O valor da libra e os preços dos títulos públicos despencaram, forçando o Banco da Inglaterra a intervir. Com a renúncia de Truss nesta quinta, a moeda britânica subiu mais de 1% e recuperou parte do fôlego perdido nas semanas em que chegou a atingir mínimas históricas devido à crise de confiança no governo.

O fiasco econômico também prejudicou sua popularidade: pesquisa do instituto YouGov divulgada dias antes da renúncia indicou que 87% dos britânicos consideravam que a primeira-ministra estava conduzindo mal a economia. Sua desaprovação geral era de 77%, o maior patamar de insatisfação dos últimos 11 anos, e até Boris apresentou imagem menos arranhada: 30% dos britânicos têm boa impressão dele.

Na véspera da renúncia, com o anúncio da saída de Braverman, Truss tinha sido menosprezada ao tentar defender seu governo à beira de um colapso em uma sessão do Parlamento.
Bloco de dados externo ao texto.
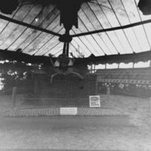 Photo--black and white, from Borba 8" x 10" celluloid negative: Gravenstein Apple Show display by the Sebastopol Chamber of Commerce of Humpty Dumpty on a wall made of apples. The sign also lists sponsors: Sebastopol Rotary, First National Bank, Sebastopol National Bank and The 20-30 Club (a service organization). about 1930s.
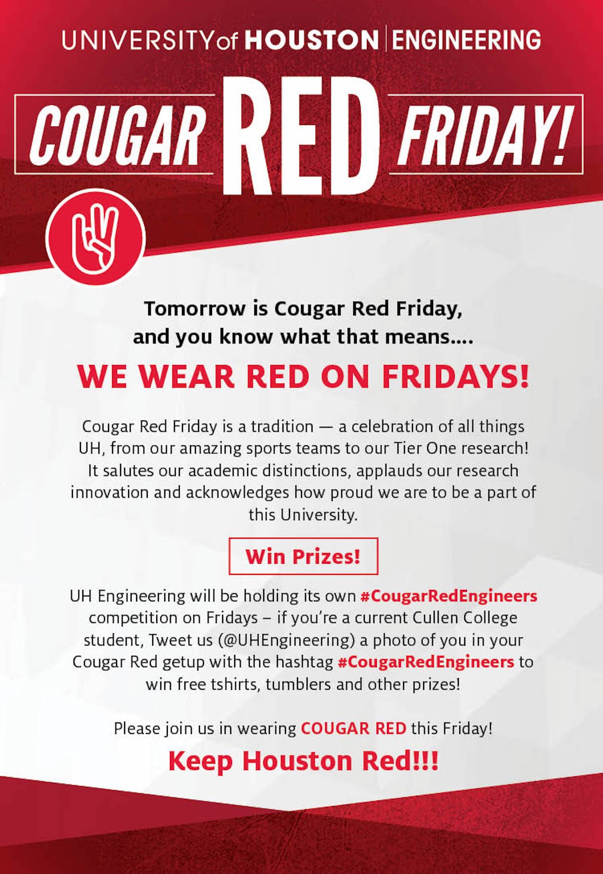 [CCoE Notice] REMINDER- Cougar Red ENGINEERS Friday: Tweet or Share/Post to win a prizes!
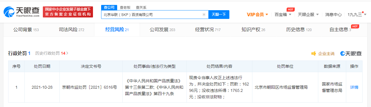 天眼查App显示,近日,因违反《中华人民共和国产品质量法》第十三条第二款;《中华人民共和国产品质量法》第四十九条,北京华联(SKP)百货有限公司被北京市朝阳区市场监督管理局罚款16296元;没收违法所得1765.2元。

Antes, assistiu calada a Jeremy Hunt, novo titular das Finanças, a defender a gestão. Tornou-se um zumbi, segundo a imprensa local —uma primeira-ministra com menos poder que seus ministros. Por fim, capitulou.



Premiês britânicos com menor tempo de governo

  • Liz Truss: 44 dias
  • George Canning: 118 dias. O governo do conservador foi interrompido por sua morte, aos 57 anos, possivelmente de pneumonia ou tuberculose, em agosto de 1827.
  • Visconde Goderich: 143 dias. O conservador Frederick Robinson, seu nome verdadeiro, enfrentou crises políticas em 1828 e perdeu a confiança do então rei, George 4º.
  • Andrew Bonar Law: 209 dias. Renunciou em maio de 1923, quando já não conseguia discursar no Parlamento devido a um câncer de garganta. O conservador morreu menos de seis meses depois.
  • Duque de Devonshire: 225 dias. William Cavendish foi líder de um governo provisório e renunciou em junho de 1757; ele era filiado ao Whig, partido que se contrapunha aos conservadores.
  • Conde de Shelburne: 265 dias. William Petty estava no cargo quando a Guerra da Independência dos EUA se encerrou. Filiado ao Whig, renunciou em março de 1783, pressionado pela oposição após brigar com colegas sobre eventuais reformas do país.
  • Conde de Bute: 317 dias. O conservador John Stuart renunciou em 1763, após discussões no próprio partido acerca de taxas de impostos sobre a cidra.

Com Reuters

Erramos: o texto foi alterado

Liz Truss renunciou ao cargo de primeira-ministra do Reino Unido após 44 dias, não 45, como afirmava incorretamente versão anterior do texto.